I understand why, for my teenage children, looking down at Guanajuato's sparkling lights is more intriguing than squinting up at the stars. As my daughter says, they're so small and far away. Just as nineteenth-century philosopher Auguste Comte said it was impossible that we'd know a star's nature, it's also hard to imagine that stars have anything to do with us—with our daily challenges, our hopes, our loves, our sorrows, our futures. My daughter is engrossed with the present and the immediate, with the knowledge that while she's up here she's missing countless new Facebook® postings. Observational astronomy is in many ways about the past. The starlight we see in the night sky has been traveling for years, centuries, or millennia. The photons I saw from the Orion Nebula had traveled at the speed of light for about 1,344 years. Those photons left newborn stars several centuries after the time when, 250 miles south of Guanajuato, the ancient city of Teotihuacán was one of the largest in the world.

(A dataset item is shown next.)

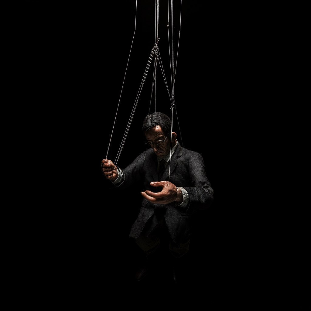 Создано на основе запроса: extremely detailed and realistic, total black background, puppet, manipulated man, confused and weak old man, a

Today, Teotihuacán remains an impressive, sprawling ancient complex built around its central monuments, two massive pyramids; the larger of the two is the biggest pyramidal structure outside of Egypt. When the Aztecs took control of this great city, they named the pyramids in honor of their central spiritual symbols, creating the pyramid of the Moon and the larger pyramid of the Sun. The Aztecs felt a visceral connection with the Sun and stars. Over the centuries, they sacrificed tens of thousands of slaves and captured warriors to ensure the rising of the morning Sun. To them, the life force of human blood and that of the Sun were one and the same. These blood sacrifices had deep social and religious significance, both reflecting and reinforcing a cosmic connection. As Mexican poet Octavio Paz wrote, “To the ancient Aztecs the essential thing was to maintain the continuity of creation; sacrifice did not bring about salvation in another world, but cosmic health.”
From these ancient times, we've come full circle in our relationship with the stars. For centuries in Western cultures, we thought the stars were utterly “other.” Now we know they are like us—they're born and they die, and in the process, they change the little part of cosmic time and space that is theirs. They are not so different from us; we are not so different from them. The iron that gives our blood its red hue is the same iron glowing in the Sun's atmosphere—iron atoms ultimately forged in dying stars.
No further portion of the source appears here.